Zuma ‘still too ill’ to appear at Zondo inquiry
• Legal team head Pretorius says it has been told the former president is being treated, but NPA says there is no word on arms deal trial unavailibility
Former president Jacob Zuma is still ill and will not be able to appear before the state capture inquiry later in January, the commission’s chair, deputy chief justice Raymond Zondo, was told on Tuesday. The head of the commission’s legal team, Paul Pretorius, said the team has been informed that Zuma is ill and is receiving treatment in SA and abroad, and that he will not be available before March.
Former president Jacob Zuma is still ill and will not be able to appear before the state capture inquiry later in January, the commission’s chair, deputy chief justice Raymond Zondo, was told on Tuesday.
The head of the commission’s legal team, Paul Pretorius, said the team had been informed that Zuma was ill and was receiving treatment in SA and abroad, and that he will not be available before March.
Zuma, his son Duduzane and friends of theirs, the Gupta family, have been at the centre of allegations of state capture, which brought the state to its knees during the former president’s term of office.
Zuma made his first appearance at the commission in July 2019 and was meant to return to answer questions in November of the same year.
During this first appearance Zuma told the commission of a 30-year-old plot to get rid of him. When questioned, he gave vague answers and accused the commission of crossexamining him.
Zuma’s next appearance in his corruption matter, which relates to the multimillion-rand arms deal, is in February.
The National Prosecutions Authority in KwaZulu-Natal said on Tuesday it had not been informed that Zuma would be unable to appear in court.
“The state has not received any notification from Mr Zuma's attorney or any other legal representative in this regard,” spokesperson Natasha Kara said.
The former president did not turn up when his second appearance was due in November,
his lawyers saying he was too ill to take the witness stand.
Last week, the commission said it was preparing to subpoena Zuma to compel him to complete his testimony. It said Zondo would hear an application by the legal team for an order authorising the acting secretary of the commission to summon the former president to appear from January 27 to 31.
Witnesses appearing before the commission could face legal consequences should they evade questions and obstruct Zondo and other members of the commission, and could be subjected to a fine or imprisonment of up to 12 months.

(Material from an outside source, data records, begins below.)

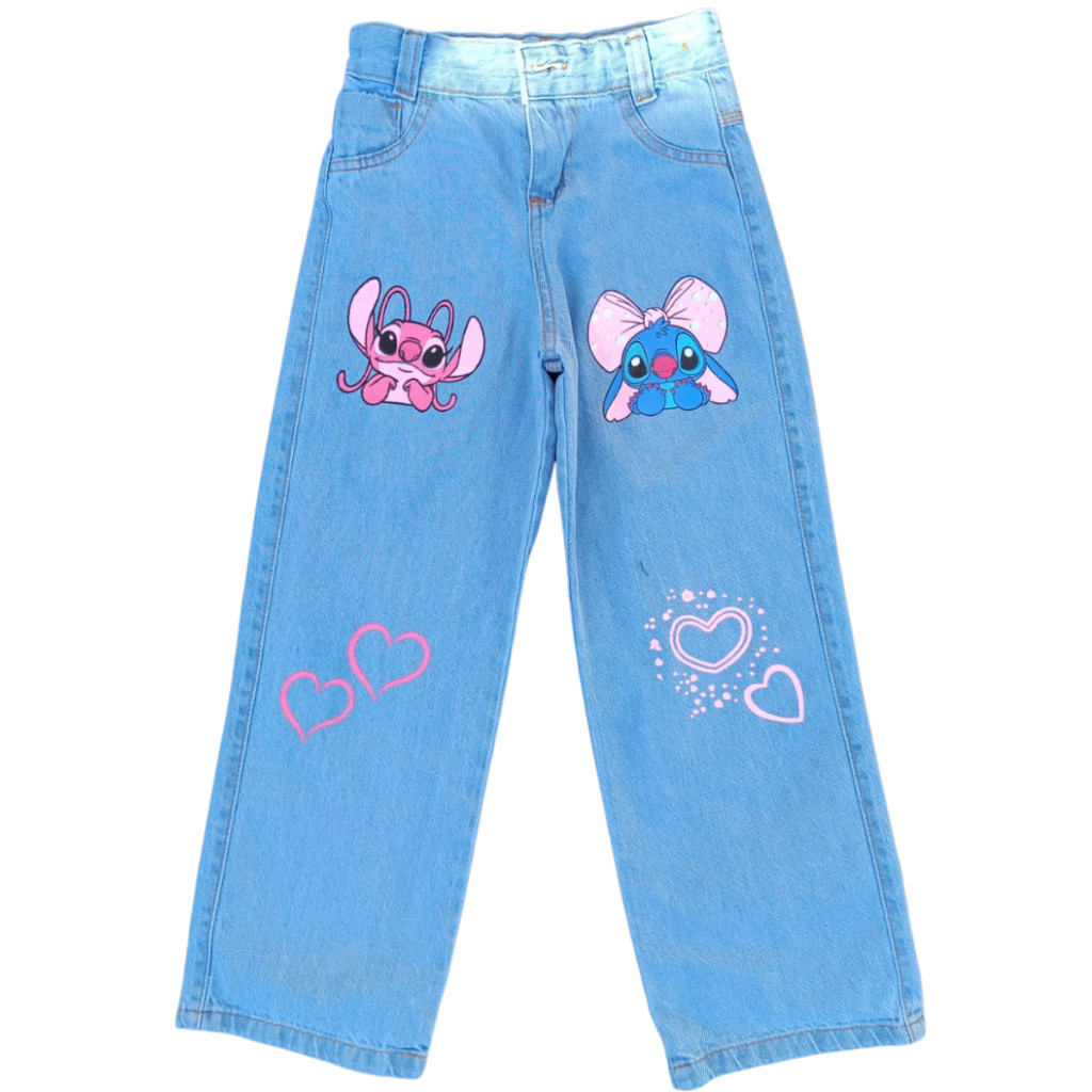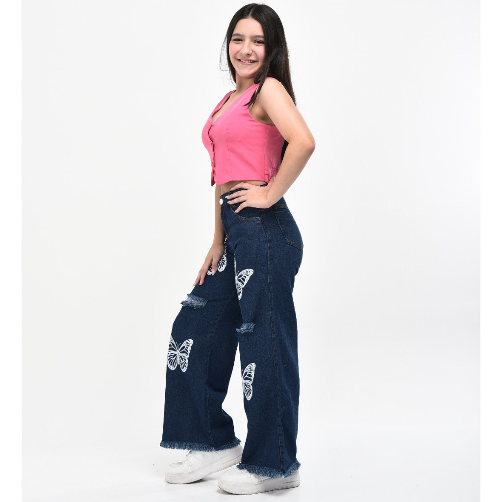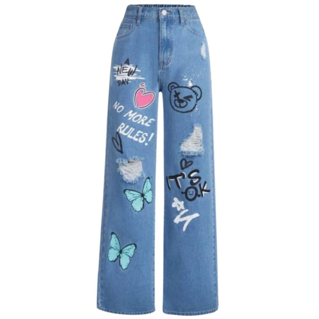 Calça jeans Pantalona wide leg infantil juvenil com escritas estampada
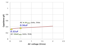 現(xiàn)在,如果在標(biāo)準(zhǔn)測量條件下將交流電水平從500 mV RMS降低至10 mV RMS,  同時保持相同的1kHz頻率和3V dc偏置,則有效電容將進一步降至0.32 μF,額外降低4%減少。但是,增加交流信號幅度會增加有效電容(圖2,即使只是微不足道。但是請注意,這并非普遍正確。
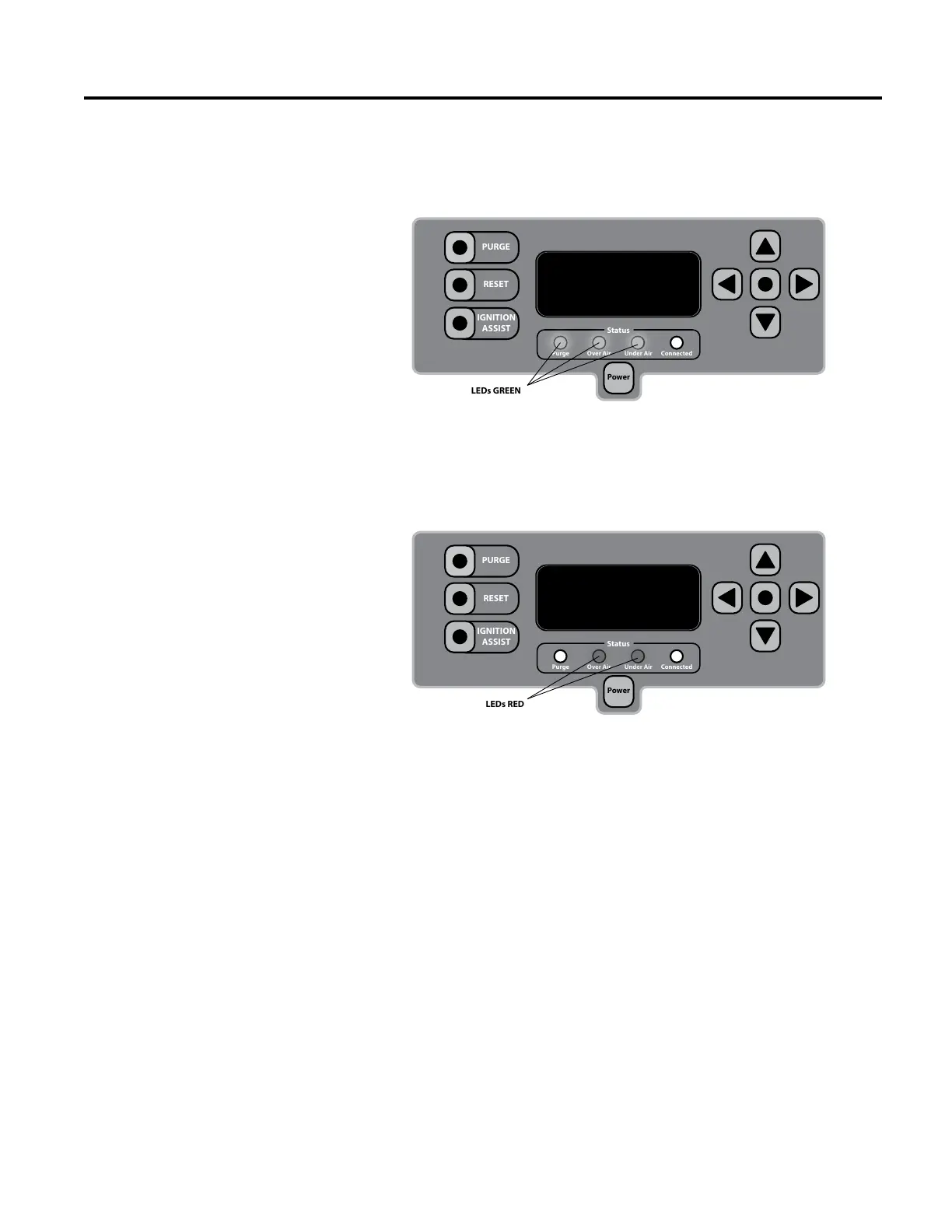 Once Stage 1 of the purge cycle is complete, these three LEDs will turn green.
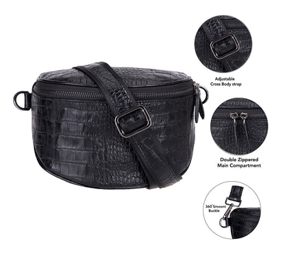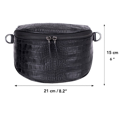 Make your style bold with this 100% genuine leather belt bag. Its high-gloss crocodile-embossed texture makes this crossbody bag both luxurious and handy for daily use. Its compact size offers multi-compartment convenience for carrying in a neat way, making it perfect for daily use and travel too

Pretorius said the legal team received an answering affidavit from Zuma on Monday afternoon dealing with his health and legal issues concerning the chair’s right to compel witnesses to appear. It also attacked the integrity of the commission.
Pretorius said Zuma’s medical condition was not disclosed in the affidavit but that confidential information would be provided to Zondo in chambers.
Zondo said it was a good thing that Zuma was offering to make the information available without being compelled to do so, but that he felt some discomfort about being privy to such information.
“I may have to see what he offers to let me see, but if I do so I would not be doing so without any reluctance,” the deputy chief justice said.
“From what I have been told, in the affidavit it seems that what he is offering [to tell me] may reveal his illness and I have some discomfort with having to see anybody’s information relating to anybody’s illness.”
Advocate Thabani Masuku, for Zuma, took issue with the statement issued by the commission last week regarding the application to subpoena the former president.
He asked that the commission, particularly the leaders of the legal team, “extend to us the presumption of integrity”.
Masuku said it was “embarrassing” to have to tell the commission that Zuma had a medical condition under the threat of a subpoena, and that despite this the legal team wanted to continue with the arguments.
“It tells us ... there is a deepseated antipathy towards our client,” he said.
Masuku also asked that the commission’s legal team not be given an “open-ended order” to summon Zuma.
Pretorius said the commission learnt of Zuma’s medical condition at 4pm on Monday and would not persist with seeking a summons for the dates in January.
“But, we will seek summons for a later date,” he said.
After meeting the commission and Zuma’s legal team, Zondo ordered that a responding affidavit be filed by the close of business next Friday.